WHAT THIS TASK INVOLVES:
Once you reach the line with "Кафедра німецької мови" below, copy each line exactly, stopping after the line with "天河区一季度人均GDP 60162元,居第三位。", and skip any pictures.

THE DATA:
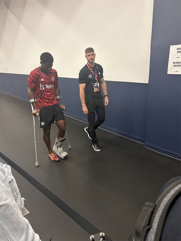 JRS直播网讯07月29日曼联18岁的英格兰后腰科比·梅诺在与皇马的比赛中开场就受伤,赛后穿上防护靴拄拐行走,人们担心他的伤势可能很重。不过,根据曼联公布的名单,他仍然进入了周一与多特蒙德友谊赛参赛之列。
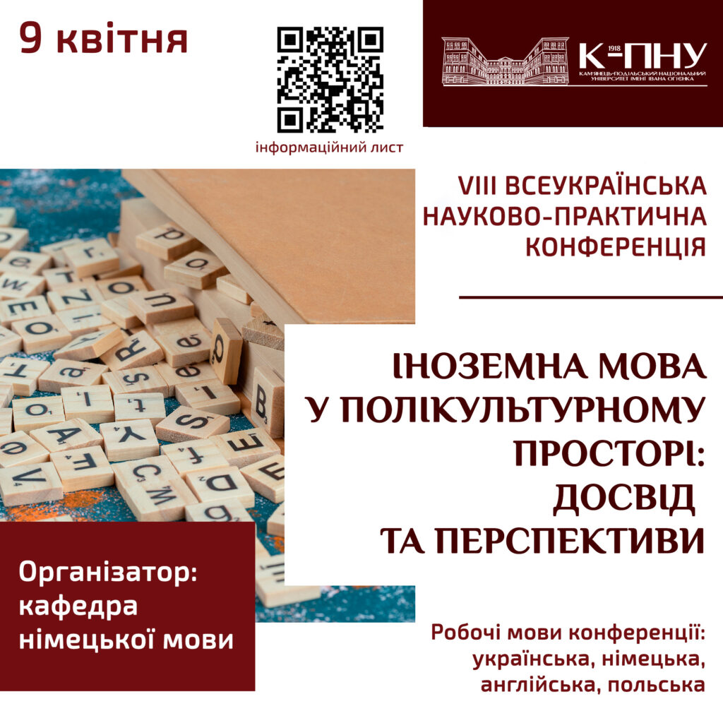 Кафедра німецької мови Кам’янець-Подільського національного університету імені Івана Огієнка запрошує науковців, науково-педагогічних працівників, аспірантів та здобувачів вищої освіти взяти участь (дистанційна форма).
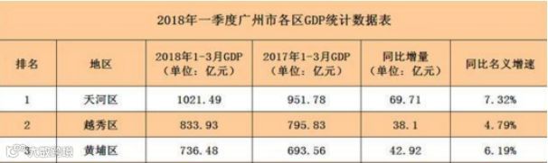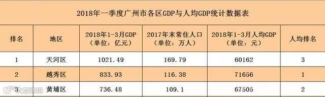 天河区一季度人均GDP 60162元,居第三位。
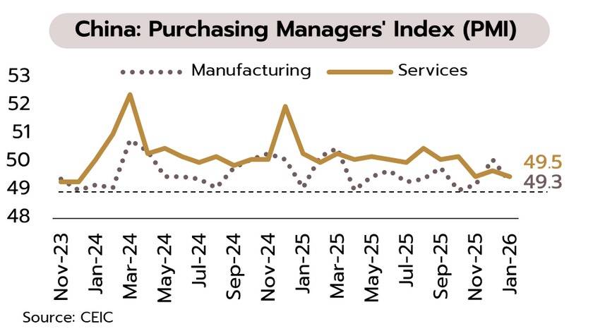 จีน: หวังพึ่งส่งออกหลังสัญญาณชีพทางเศรษฐกิจอ่อนแอ โดย PMI ภาคการผลิตพลิกกลับมาหดตัวอีกครั้งในเดือนมกราคม ส่วนภาคบริการหดตัวติดต่อกันเป็นเดือนที่ 3 (ดังรูป) อีกด้านหนึ่ง จีนได้ทยอยบรรลุข้อตกลงทางการค้ากับชาติต่าง ๆ เช่น แคนาดา สหภาพยุโรป และสหราชอาณาจักร ซึ่งคาดว่าจะช่วยบรรเทาความเสี่ยงในยามที่เศรษฐกิจจีนต้องพึ่งพาการส่งออกต่อไป อย่างไรก็ตาม ยังต้องระวังความตึงเครียดทางการค้าจากนโยบายภาษีนำเข้าของสหรัฐฯ และความเข้มงวดในการใช้มาตรการควบคุมการส่งออกสินค้าเชิงยุทธศาสตร์ของจีนเอง
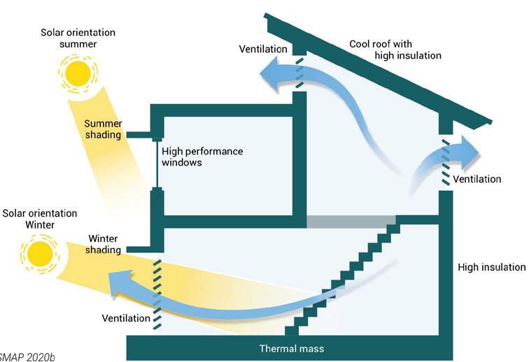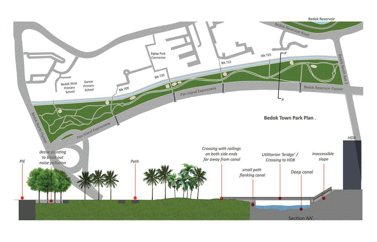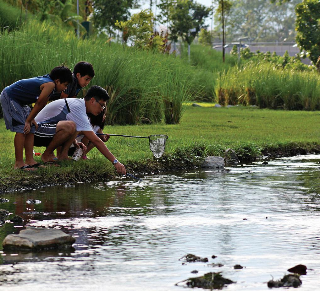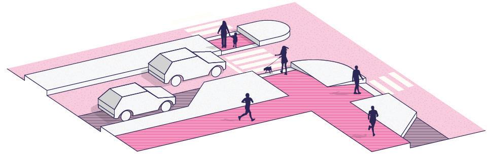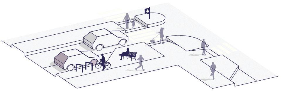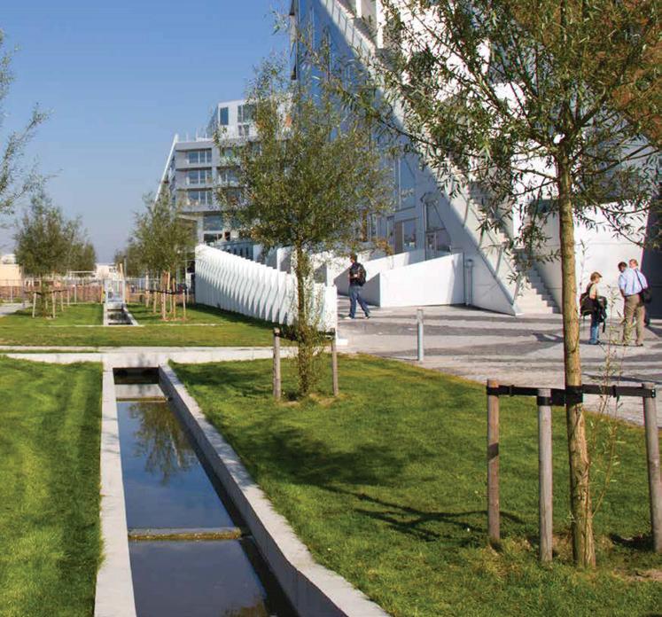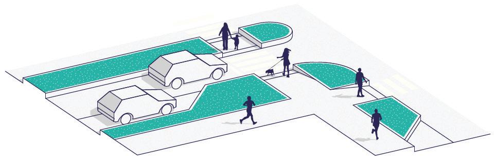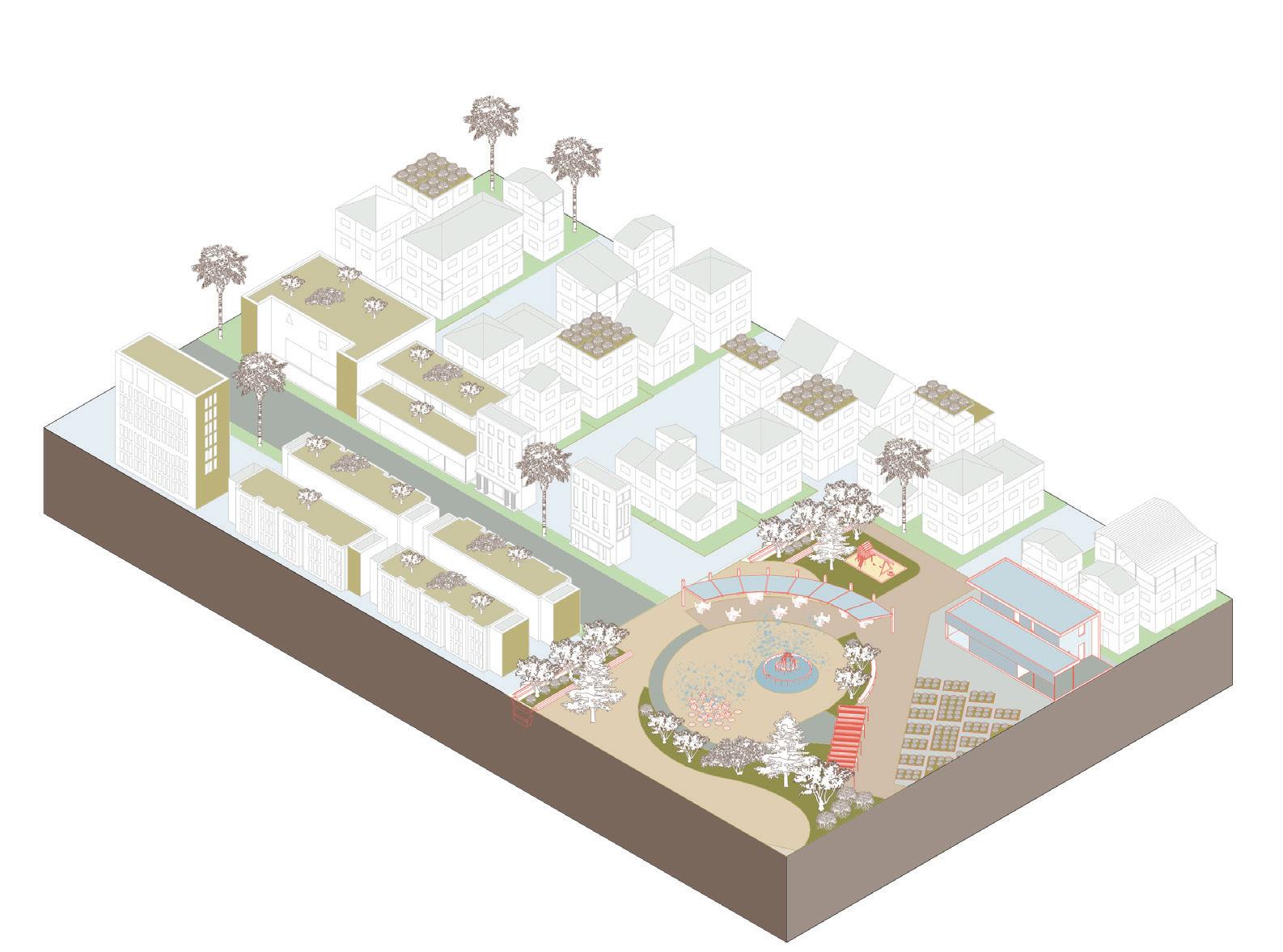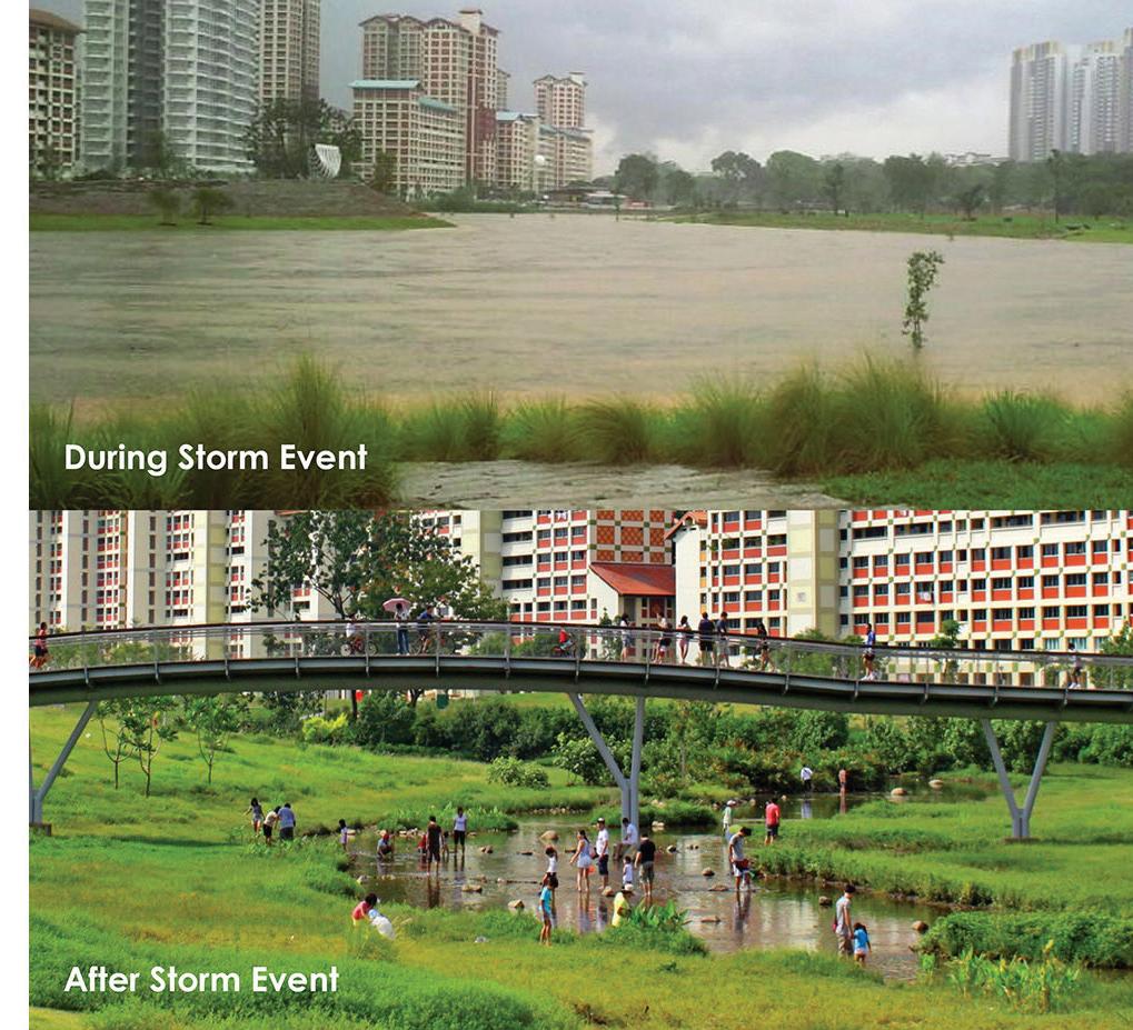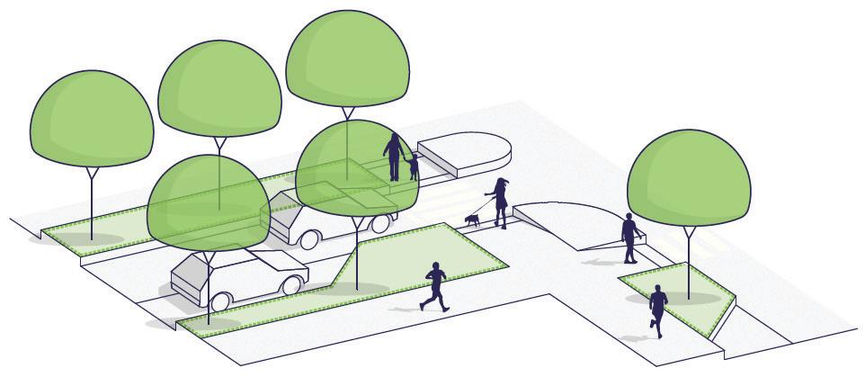 Coastal surge and flooding, stormwater, heat and biodiversity adaptation strategies integrated as lush, active public spaces.

TASK ANSWER:
 Кафедра німецької мови Кам’янець-Подільського національного університету імені Івана Огієнка запрошує науковців, науково-педагогічних працівників, аспірантів та здобувачів вищої освіти взяти участь (дистанційна форма).
 天河区一季度人均GDP 60162元,居第三位。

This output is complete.